EXERCISE BRIEF
Any picture must be dropped, but each line of the data should be duplicated exactly.

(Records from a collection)
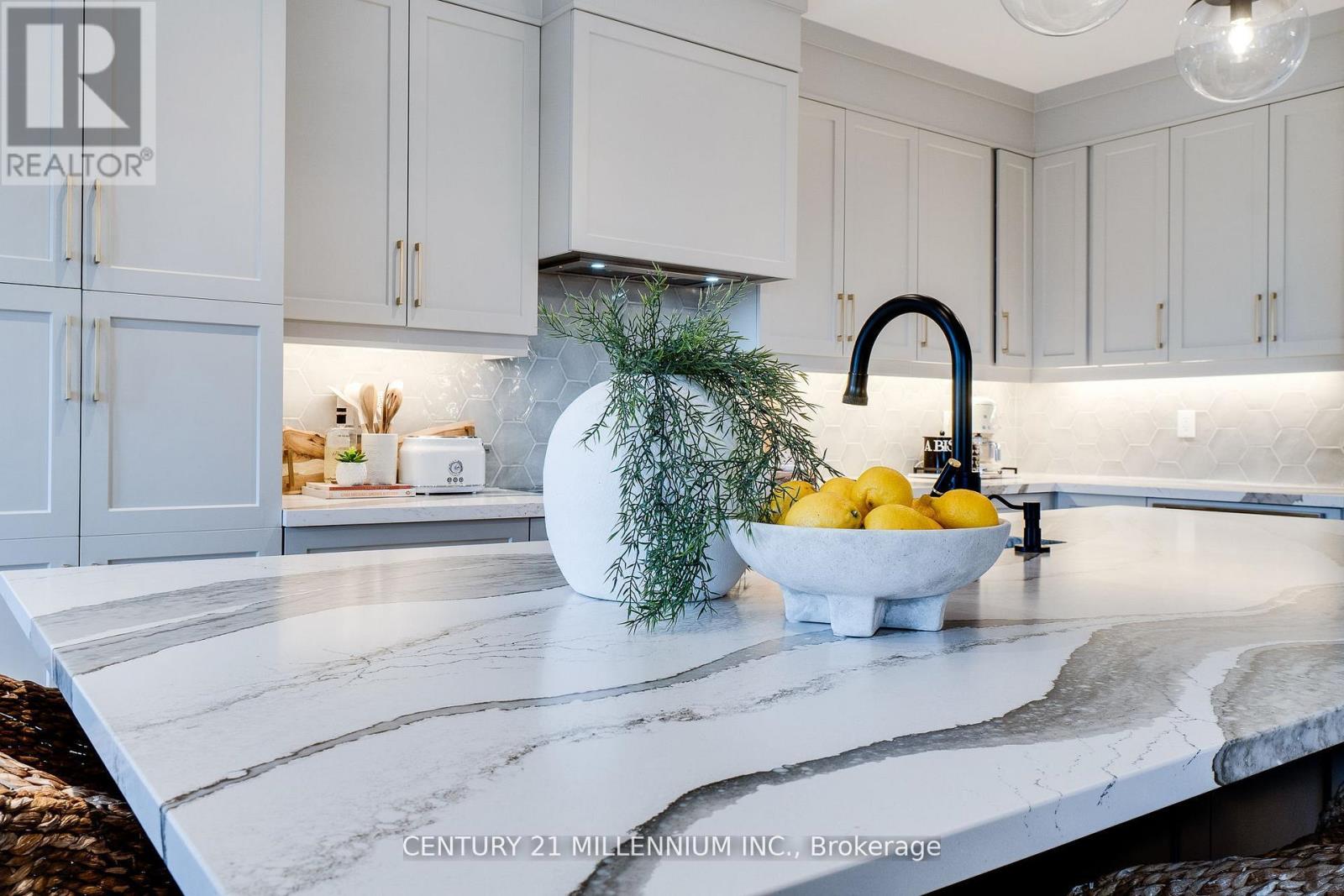 Ravine Setting | Custom Floor Plan | Resort-Style Pool. Step into refined luxury in this 4-bedroom, 4-bathroom residence featuring a thoughtfully designed custom floor plan where timeless elegance meets low-maintenance living. Backing onto a stunning ravine, this home offers an exceptional indoor-outdoor lifestyle for both everyday comfort and elevated entertaining. A custom mudroom leads to a chef-inspired kitchen with over $52,000 in premium upgrades, flowing seamlessly into the family room with a linear gas fireplace and custom Cambria shelving. Expansive 12-ft patio doors open to a full-length deck with breathtaking ravine and sunset views. The primary suite is a private retreat with a morning kitchen, double-sided fireplace, spa-inspired ensuite, and a secluded deck overlooking tranquil views. The sun-filled walk-out lower level-with bathroom rough-ins-offers space for an in-law suite, home office, gym, or entertainment area. Designer finishes, a saltwater heated pool, Arctic Spa hot tub, and professionally landscaped resort-style backyard complete this rare offering. Premium ravine reverse pie lot on a quiet cul-de-sac-truly one of a kind. (id:4555)
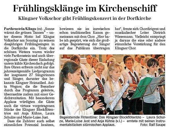 (rl) „Die Sonne wärmt die grünen Tannen“ – so lautete das Motto, unter dem der Volkschor Klinga am vergangenen Sonntag sein traditionelles Frühjahrskonzert gab, wie immer unter der bewährten Leitung des Großsteinbergers Dietrich Wiesemann.
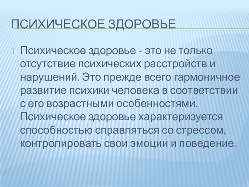 соответствии с его возрастными особенностями. Психическое здоровье характеризуется способностью справляться со стрессом, контролировать свои эмоции и поведение.
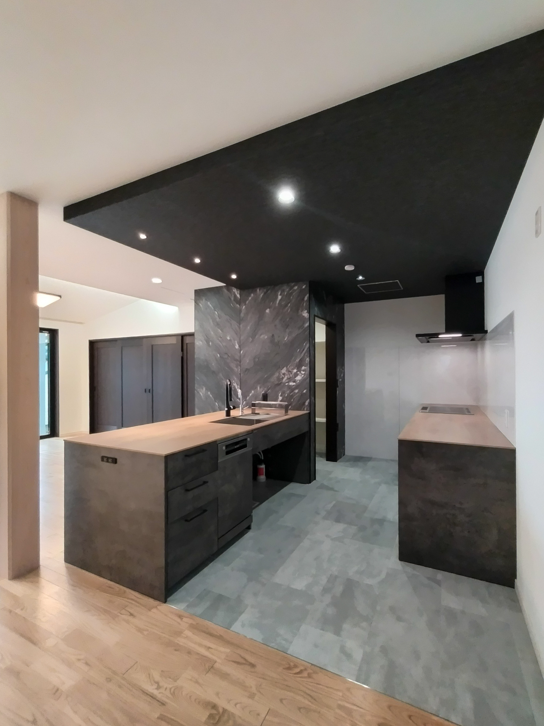 奥のパントリーは車椅子が入れるスペースを確保
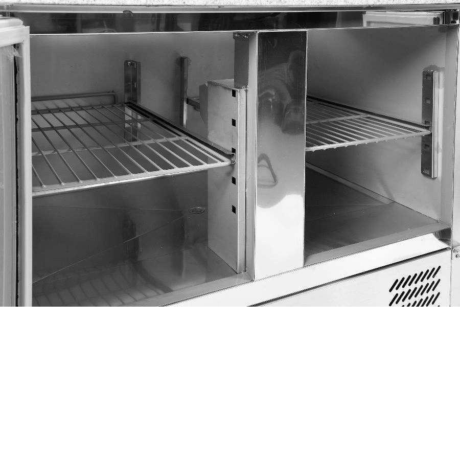 Dvoudveřový chladicí stůl s nástavcem je ideální pro pizzerie, restaurace, fast foody a všude tam, kde je důležitý rychlý přístup k čerstvým surovinám. Dynamický chladicí systém zaručuje, že teplota uvnitř zařízení zůstává stabilní a bezpečná bez ohledu na intenzitu provozu kuchyně. Automatické odmrazování omezuje potřebu ručních zásahů, což šetří čas a zajišťuje plynulý chod provozu. Elektronický regulátor teploty umožňuje přesné nastavení chladicích parametrů, což je velmi důležité při skladování citlivých potravin.

OUTPUT FOR THIS EXERCISE
 Ravine Setting | Custom Floor Plan | Resort-Style Pool. Step into refined luxury in this 4-bedroom, 4-bathroom residence featuring a thoughtfully designed custom floor plan where timeless elegance meets low-maintenance living. Backing onto a stunning ravine, this home offers an exceptional indoor-outdoor lifestyle for both everyday comfort and elevated entertaining. A custom mudroom leads to a chef-inspired kitchen with over $52,000 in premium upgrades, flowing seamlessly into the family room with a linear gas fireplace and custom Cambria shelving. Expansive 12-ft patio doors open to a full-length deck with breathtaking ravine and sunset views. The primary suite is a private retreat with a morning kitchen, double-sided fireplace, spa-inspired ensuite, and a secluded deck overlooking tranquil views. The sun-filled walk-out lower level-with bathroom rough-ins-offers space for an in-law suite, home office, gym, or entertainment area. Designer finishes, a saltwater heated pool, Arctic Spa hot tub, and professionally landscaped resort-style backyard complete this rare offering. Premium ravine reverse pie lot on a quiet cul-de-sac-truly one of a kind. (id:4555)
 (rl) „Die Sonne wärmt die grünen Tannen“ – so lautete das Motto, unter dem der Volkschor Klinga am vergangenen Sonntag sein traditionelles Frühjahrskonzert gab, wie immer unter der bewährten Leitung des Großsteinbergers Dietrich Wiesemann.
 соответствии с его возрастными особенностями. Психическое здоровье характеризуется способностью справляться со стрессом, контролировать свои эмоции и поведение.
 奥のパントリーは車椅子が入れるスペースを確保
 Dvoudveřový chladicí stůl s nástavcem je ideální pro pizzerie, restaurace, fast foody a všude tam, kde je důležitý rychlý přístup k čerstvým surovinám. Dynamický chladicí systém zaručuje, že teplota uvnitř zařízení zůstává stabilní a bezpečná bez ohledu na intenzitu provozu kuchyně. Automatické odmrazování omezuje potřebu ručních zásahů, což šetří čas a zajišťuje plynulý chod provozu. Elektronický regulátor teploty umožňuje přesné nastavení chladicích parametrů, což je velmi důležité při skladování citlivých potravin.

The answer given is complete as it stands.